Two flip-flops are connected as shown below. The delay represents wiring delay between the two clock inputs, which results in clock skew. This can cause possible loss of synchronization. The flip-flop propagation delay from clock to Q is 10 ns < tp < 15 ns, the set-up and hold times for D1 are always satisfied.
(a) What is the maximum value that the delay can have and still achieve proper synchronous operation? Draw a timing diagram to justify your answer.
(b) Assuming that the delay is < 3 ns, what is the minimum allowable clock period?
To find the maximum value for the delay, we need to consider the worst-case scenario where the delay is the largest. Let's assume the delay is at its maximum value, tp = 15 ns.
(a) Maximum delay required for proper synchronous operation:
In this scenario, we need to analyze the timing relationships between the clock inputs and output of the flip-flops.
- Clock Skew: Clock skew refers to the difference in arrival times of the clock signal at different parts of a circuit. In this case, the clock skew is represented by the delay (15 ns) between the two clock inputs.

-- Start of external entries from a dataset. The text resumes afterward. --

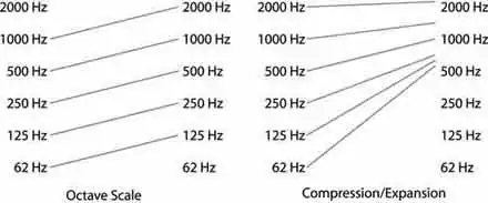 But some FAF devices don’t have enough processing power to produce octave-scale FAF. Instead, a simpler process uses frequency compression/expansion FAF. The upshift adds 500 Hz to your voice (or 1000 Hz or 2000 Hz, depending on the setting). Thus, your 125 Hz fundamental frequency is shifted to 625 Hz, or more than two octaves up. Your 250 Hz first overtone is shifted to 750 Hz. Your 500 Hz second overtone is shifted to 1000 Hz.
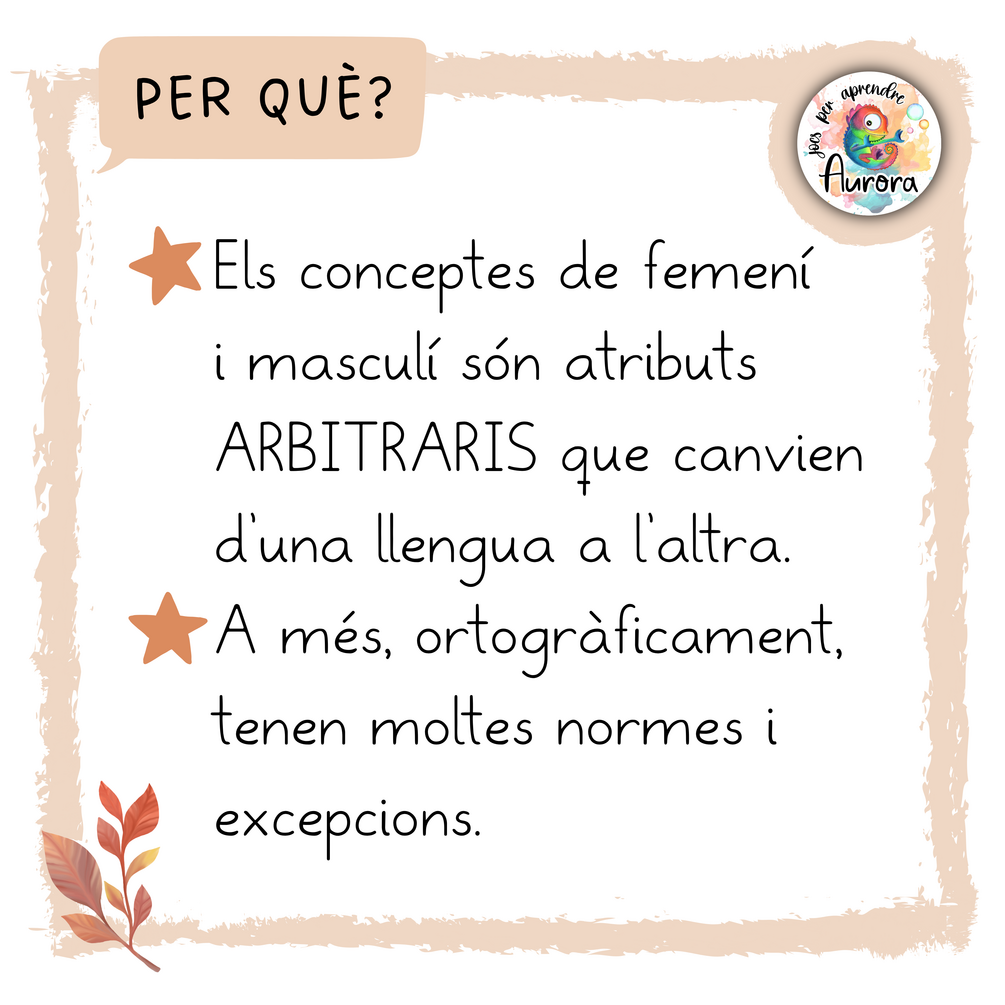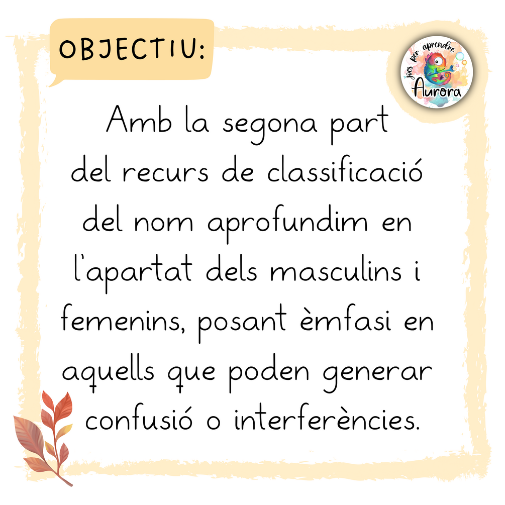 Aquest recurs aporta exemples clars, visuals i senzills per entendre i practicar la formació del masculí i el femení, els casos "especials" i les principals confusions entre català i castellà, amb un format manipulatiu que en facilita la comprensió i ajuda a guanyar seguretat a l’hora d’aplicar la teoria.
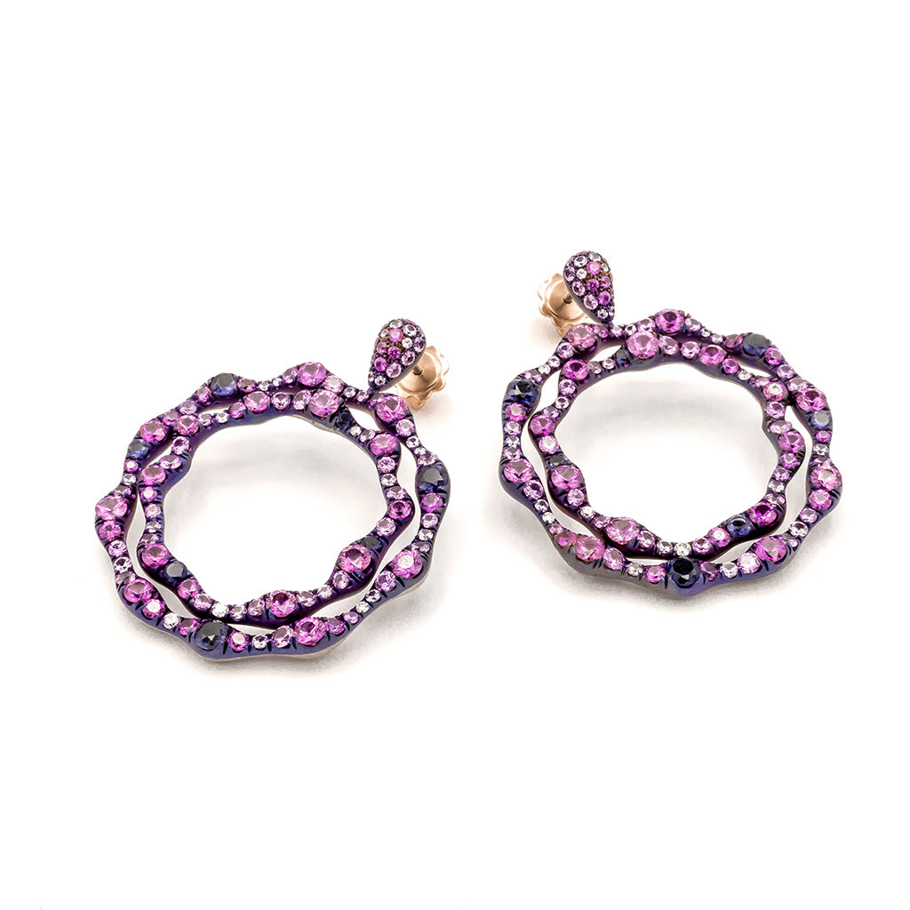 Earrings in 18k rose gold and titanium, white diamonds, pink sapphires and iolite
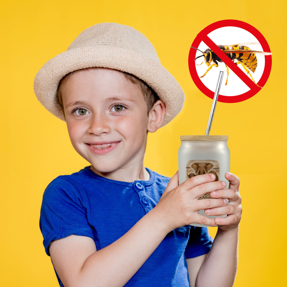 - 1x Big 5 Afrika Trinkglas mit Bambusdeckel mit Tiermotiven mit Bambusdeckel oder Henkel
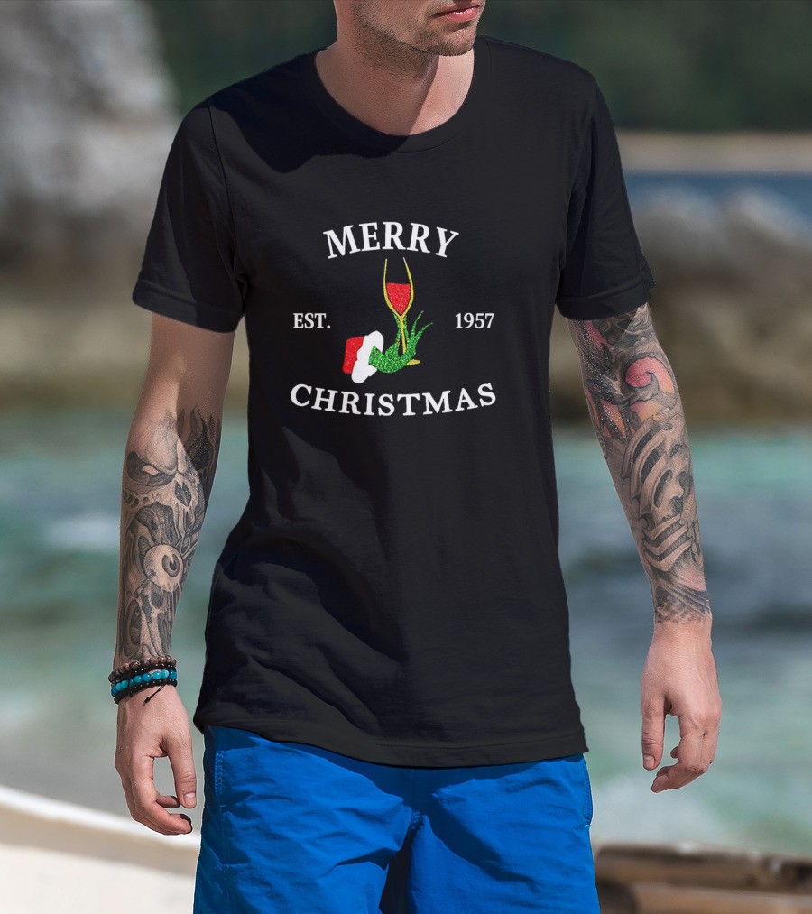 Merry Christmas Grinch Hand Wine Glass Est 1957 T-Shirt

- Setup and Hold Times: The setup time (tsu) is the minimum time before the clock edge when the D input should be stable for reliable operation. The hold time (thold) is the minimum time after the clock edge when the D input should remain stable.
Let's assume that for proper synchronous operation, the Q output of the first flip-flop should be stable for at least one clock cycle before it is used as input to the second flip-flop.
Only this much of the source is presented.